Wilmot Mountain has a full-service ski and snowboard school with over 300 certified instructors and a comprehensive children's program. It also has an award-winning National Ski Patrol group.

===Alpine racing===
Wilmot has an active race program and is the destination of many race clubs and groups. Weekly race training is run in the evenings by their on-site race program. The Chicago Metropolitan Ski Council (CMSC) holds Slalom or Giant Slalom races eight days each season using two newly contoured runs designed with racing in mind. NASTAR races were held weekly until 2004. In 2017, NASTAR racing returned to Wilmot Mountain.

===Snowmaking===
Wilmot started making their own snow in 1952 using Joe Tropiano snow machines, basically a lawn watering device with heaters to prevent freezing.
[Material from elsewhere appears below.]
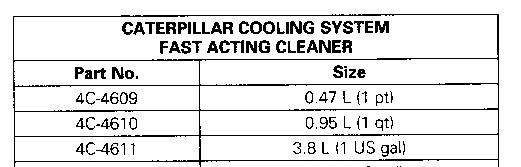 Fast Acting Cooling System Cleaner is available from your Caterpillar dealer in the quantities listed. Follow the product label directions for proper use.
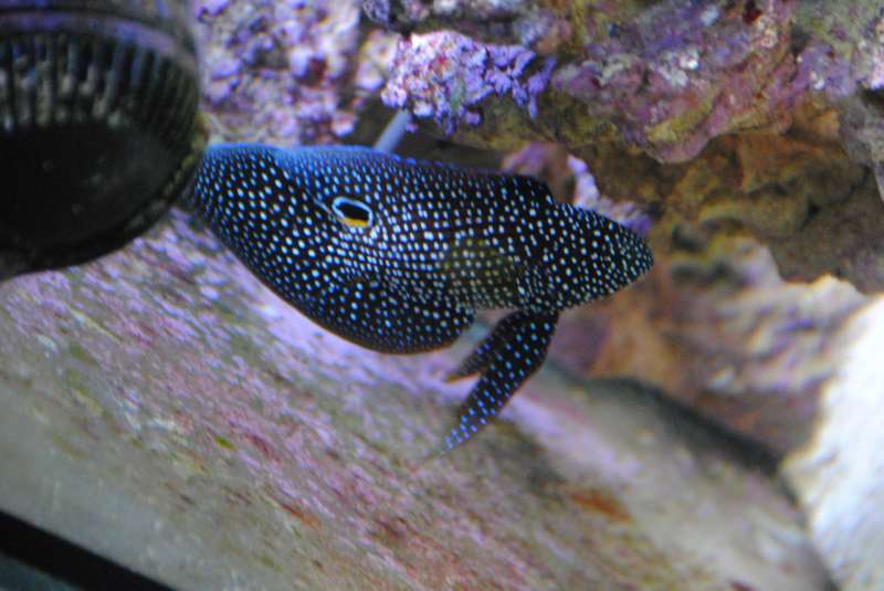 Den er ikke særlig sky, Svømmer frit rundt i akvariet. Går jeg helt hen til det, svømmer den ind mellem stenene, men kommer ud igen efter et par minutter

Today they use a combination of older and new, high-tech snow-making equipment. Wilmot makes snow whenever the temperature drops low enough, even during hours of operation.

==History==
- In 1938, Walter Stopa bought the property from a local farmer and founded Wilmot Hills. He started off with a rope tow, which was powered by the drive mechanism from a Model A Ford.
- In 1968, Walter added the first Wilmot chairlift. Walter died on June 10, 1986, and his daughter Diane Reese and son-in-law Michal Reese took over as owner and general manager.
- In 1989, Diane, and Michal added the Iron Kettle dining facility.
- In 2001, Dennis Sheen, Diane's son in-law, took charge as general manager.
- In 2011, Snow Tubing was added to Wilmot Mountain lineup.
- In January 2016, Diane Reese sold Wilmot Mountain to Vail Resorts.
- In March 2016, Taylor Ogilive became the general manager for Wilmot Mountain.
- In summer of 2016, Vail Resorts invested more than $13 million in renovations.

===Auto racing===
The roads surrounding the parking lot and resort have a very unusual shape, including a hairpin curve. The design resembles a race track oval, and with good reason - there used to be a race course on the grounds. From 1954 to 1967, the ski resort was home to Wilmot Hills Race Course.

===Location===
Wilmot Mountain is located at coordinates , just 1/2 mile south of Wilmot, Wisconsin.